I loved the new approach to the show, the artistry in the framework, and I was enjoying the plot also:  the budding relationships between Amelia and James and Sheldon and Miranda were holding my interest; it was great to see Addison finally finding happiness both as a mother and a romantic partner; and Cooper and Charlotte’s expanded family brought about equally touching and amusing narrative potentials.  So just when the show sucked me back in I found out (with a week to spare) that it was ending.  Sigh.

 

The series ended with a wedding (as ninety percent do it seems), but not the one viewers expected.  Addison and Jake did get married, but so did the estranged couple Sam and Naomi.  (This was perhaps the one plot misstep in my opinion.  To have Naomi and Sam have a one night stand which not only lands her pregnant, but also makes them both realize they were meant to be seemed a bit too convenient.  I also had a hard time coming to terms with Sam telling Naomi she was “the only woman [he] ever loved” after two seasons involving his romantic relationship with Addison.  Equally unconvincing was his immediate excitement at learning he was to be a father again, after having been very clear on the fact that he was done with that part of his life).  But, despite this hasty rush to a resolution that involved all original cast members (i.e.
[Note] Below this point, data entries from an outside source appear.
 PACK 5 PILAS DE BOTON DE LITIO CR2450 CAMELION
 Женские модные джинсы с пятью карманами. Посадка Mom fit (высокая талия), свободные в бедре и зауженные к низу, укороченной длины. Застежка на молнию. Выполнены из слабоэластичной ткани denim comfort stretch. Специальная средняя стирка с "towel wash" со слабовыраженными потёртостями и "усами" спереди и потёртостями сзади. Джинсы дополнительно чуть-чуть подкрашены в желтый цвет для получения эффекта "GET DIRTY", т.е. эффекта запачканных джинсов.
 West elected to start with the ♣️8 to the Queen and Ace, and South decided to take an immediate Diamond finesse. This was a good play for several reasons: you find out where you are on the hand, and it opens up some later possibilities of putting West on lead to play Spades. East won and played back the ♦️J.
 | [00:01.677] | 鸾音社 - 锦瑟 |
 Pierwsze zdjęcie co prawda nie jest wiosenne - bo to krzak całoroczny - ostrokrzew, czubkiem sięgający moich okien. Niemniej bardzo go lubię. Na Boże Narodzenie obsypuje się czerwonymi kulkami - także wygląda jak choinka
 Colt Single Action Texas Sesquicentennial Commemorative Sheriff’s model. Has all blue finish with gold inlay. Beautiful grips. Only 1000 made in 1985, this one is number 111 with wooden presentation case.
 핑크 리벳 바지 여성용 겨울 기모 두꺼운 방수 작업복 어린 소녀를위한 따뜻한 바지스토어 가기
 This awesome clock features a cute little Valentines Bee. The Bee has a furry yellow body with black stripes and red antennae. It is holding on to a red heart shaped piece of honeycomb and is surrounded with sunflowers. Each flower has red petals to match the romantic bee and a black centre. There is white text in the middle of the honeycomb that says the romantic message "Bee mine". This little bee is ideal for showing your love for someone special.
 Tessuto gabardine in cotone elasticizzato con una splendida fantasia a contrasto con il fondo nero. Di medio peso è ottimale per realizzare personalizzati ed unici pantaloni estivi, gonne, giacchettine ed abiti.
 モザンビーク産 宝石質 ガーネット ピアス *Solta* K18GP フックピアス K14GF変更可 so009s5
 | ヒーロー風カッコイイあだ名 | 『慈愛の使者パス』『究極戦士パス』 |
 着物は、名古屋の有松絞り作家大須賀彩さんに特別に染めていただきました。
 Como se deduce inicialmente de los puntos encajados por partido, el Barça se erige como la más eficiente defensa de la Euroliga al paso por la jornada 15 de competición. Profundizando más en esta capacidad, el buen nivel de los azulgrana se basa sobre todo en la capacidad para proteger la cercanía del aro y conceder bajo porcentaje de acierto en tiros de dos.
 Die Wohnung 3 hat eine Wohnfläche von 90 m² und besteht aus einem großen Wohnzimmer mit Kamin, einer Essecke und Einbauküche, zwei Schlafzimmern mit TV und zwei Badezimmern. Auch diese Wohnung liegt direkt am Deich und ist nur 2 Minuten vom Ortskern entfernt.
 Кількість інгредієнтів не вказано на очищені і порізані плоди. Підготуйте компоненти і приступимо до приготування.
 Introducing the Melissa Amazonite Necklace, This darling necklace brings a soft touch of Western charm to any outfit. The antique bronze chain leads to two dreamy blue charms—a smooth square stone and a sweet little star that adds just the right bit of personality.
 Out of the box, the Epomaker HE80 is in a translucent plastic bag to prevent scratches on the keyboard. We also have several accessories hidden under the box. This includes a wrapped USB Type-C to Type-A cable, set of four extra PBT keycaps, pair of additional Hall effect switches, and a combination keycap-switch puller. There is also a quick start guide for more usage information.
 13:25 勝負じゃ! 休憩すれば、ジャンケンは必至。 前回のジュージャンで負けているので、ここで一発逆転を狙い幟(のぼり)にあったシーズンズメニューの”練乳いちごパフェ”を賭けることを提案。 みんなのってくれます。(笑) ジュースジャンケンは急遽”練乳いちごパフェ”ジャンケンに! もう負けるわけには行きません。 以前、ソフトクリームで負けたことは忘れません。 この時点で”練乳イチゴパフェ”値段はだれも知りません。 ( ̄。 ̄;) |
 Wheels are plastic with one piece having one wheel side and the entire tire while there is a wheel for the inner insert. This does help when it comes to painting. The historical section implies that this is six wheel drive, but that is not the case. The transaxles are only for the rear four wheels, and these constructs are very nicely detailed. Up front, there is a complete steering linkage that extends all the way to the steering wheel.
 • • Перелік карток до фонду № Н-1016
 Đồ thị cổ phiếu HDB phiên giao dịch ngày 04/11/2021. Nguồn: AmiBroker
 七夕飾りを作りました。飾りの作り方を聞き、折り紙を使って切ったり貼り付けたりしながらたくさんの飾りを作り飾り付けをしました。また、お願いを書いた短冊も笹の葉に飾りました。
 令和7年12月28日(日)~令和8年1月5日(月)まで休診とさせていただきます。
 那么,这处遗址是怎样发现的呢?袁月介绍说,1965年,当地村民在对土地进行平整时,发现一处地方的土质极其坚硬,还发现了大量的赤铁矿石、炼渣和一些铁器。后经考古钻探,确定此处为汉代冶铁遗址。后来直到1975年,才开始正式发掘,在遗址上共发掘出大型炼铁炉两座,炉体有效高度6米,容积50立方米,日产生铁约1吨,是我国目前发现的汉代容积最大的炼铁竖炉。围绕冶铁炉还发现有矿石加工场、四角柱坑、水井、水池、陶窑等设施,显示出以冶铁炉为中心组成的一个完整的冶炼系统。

Naomi), it was a nice moment when the camera panned across the faces in the crowd at Naomi and Sam’s wedding and found everyone happy.  The one character left without a love interest at the series’ finish, Violet, actually draws the show to a close by announcing that she has written another book – a book about their friendships and experiences as doctors… a book (predictably) called:  Private Practice.  (To avoid this being too cheesy of an ending the camera pulls away from the doctors debating the title, of which many are critical.  A funny final moment for the group of sparring friends).

 

So there ends another medical drama.  It was not always perfect but it was at times edgy (covering controversial issues in unflinching ways) and often heartfelt (you haven’t really cried over a medical storyline until you watch the delivery of Amelia’s brainless baby) and it will be missed by this sometimes-reluctant fan.